When flamegraphs said ‘CPU is fine’, eBPF told a very different story. “CPU is at 30% but p99 latency is terrible.” We had a service that should have been fast—simple HTTP requests, efficient code, plenty of CPU headroom according to monitoring. But p99 latency was 200ms when it should have been 20ms. Nothing in the flame graphs explained where the time was going.

The problem was that traditional CPU profilers only tell you what your code does while it’s running. They sample the call stack periodically and show you where CPU time is spent. But they’re blind to the time your code spends waiting to run—queued up in the Linux scheduler, waiting for a CPU to become available.

This is off-CPU time, and in containerized environments it’s often the majority of request latency. Your threads are ready to run, but they’re stuck in the run-queue behind other threads, or throttled by CFS bandwidth limiting, or bouncing between NUMA nodes. None of this shows up in a normal flame graph. It requires a different kind of analysis.

The tools for this are eBPF-based: runqlat, offcputime, runqslower. They hook into the Linux scheduler and measure the time between a thread becoming runnable and actually getting CPU time. When I ran runqlat on our service, the problem was immediately obvious: 45% of thread lifetime was spent waiting in the run-queue, not executing.

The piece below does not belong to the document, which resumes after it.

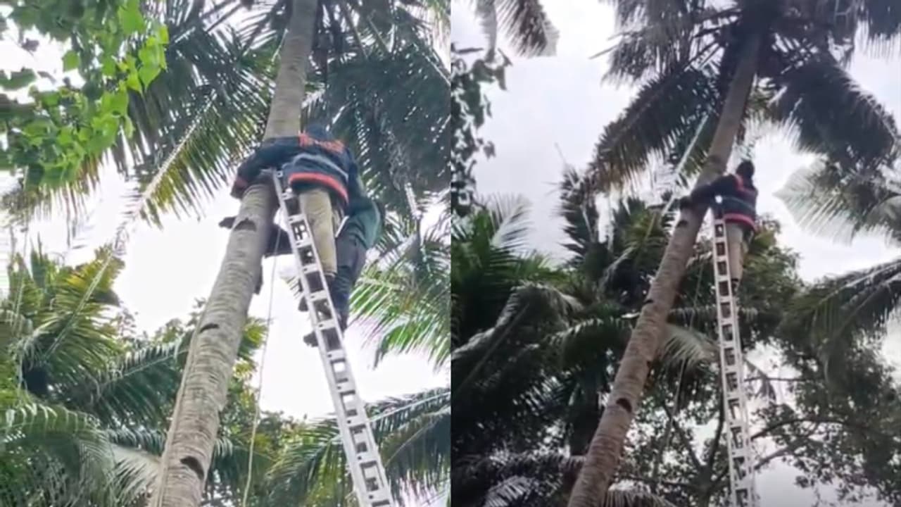 കായംകുളം: തേങ്ങയിടാൻ കയറിയ ഇതരസംസ്ഥാനത്തൊഴിലാളി കടന്നൽ കുത്തേറ്റ് തെങ്ങിന്റെ മുകളിൽ കുടുങ്ങി. കീരിക്കാട് തെക്ക് ഐക്യ ജംഗ്ഷന് സമീപം വെളുത്തേടത്ത് സന്തോഷ് കുമാറിന്റെ പുരയിടത്തിലാണ് സംഭവം. കായംകുളം അഗ്നിരക്ഷാസേനയിലെ അസിസ്റ്റന്റ് സ്റ്റേഷൻ ഓഫിസർ ശ്രീ സജിത്ത് ലാലിന്റെ നേതൃത്വത്തിൽ എത്തിയ സംഘത്തിലെ ഫയർ & റെസ്ക്യൂ ഓഫീസർ ശ്രീ. ഷിജൂ റ്റി സാം ലാഡർ ഉപയോഗിച്ച് തെങ്ങിൽ കയറി തെങ്ങിന്റെ പൊത്തിലെ കടന്നൽ കൂടിന്റെ വാതിൽ തുണി ഉപയോഗിച്ച് മൂടി കെട്ടുകയും വെളിയിൽ ഉണ്ടായിരുന്ന കടന്നൽ കൂട്ടത്തെ ഹിറ്റ് ഉപയോഗിച്ച് തുരത്തുകയും ചെയ്തു. ശേഷം സഹസികമായി, ചത്തിസ്ഗഡ് സ്വദേശിയായ 21 വയസ്സുള്ള വിക്കി എന്ന വ്യക്തിയെ ലാഡർ ഉപയോഗിച്ചു സുരക്ഷിതമായി താഴെ എത്തിച്ചു. കടന്നലിന്റെ കുത്തേറ്റ ആളിനെ അടുത്തുണ്ടായിരുന്ന വാഹനത്തിൽ കയറ്റി ആശുപത്രിയിലേക്ക് അയച്ചു.

Environment: Linux with kernel 5.x+, high-contention multi-threaded applications, overcommitted containers

The Problem

The Invisible Wait Time

Traditional profiling shows:
┌─────────────────────────────────────────────────────────────┐
│ Function            │ CPU %  │ Samples                      │
├─────────────────────┼────────┼──────────────────────────────┤
│ processRequest()    │ 25%    │ 2500                         │
│ parseJSON()         │ 15%    │ 1500                         │
│ dbQuery()           │ 10%    │ 1000                         │
│ Total               │ 50%    │ 5000                         │
└─────────────────────┴────────┴──────────────────────────────┘
"CPU is only 50% utilized, plenty of headroom!"

Reality with off-CPU analysis:
┌─────────────────────────────────────────────────────────────┐
│ State               │ Time %  │ Where                       │
├─────────────────────┼─────────┼─────────────────────────────┤
│ ON-CPU (executing)  │ 30%     │ Your code running           │
│ OFF-CPU (run-queue) │ 45%     │ Waiting for CPU!            │
│ OFF-CPU (I/O wait)  │ 15%     │ Disk/network                │
│ OFF-CPU (locks)     │ 10%     │ Mutex contention            │
└─────────────────────┴─────────┴─────────────────────────────┘
"45% of time spent just waiting for a CPU!"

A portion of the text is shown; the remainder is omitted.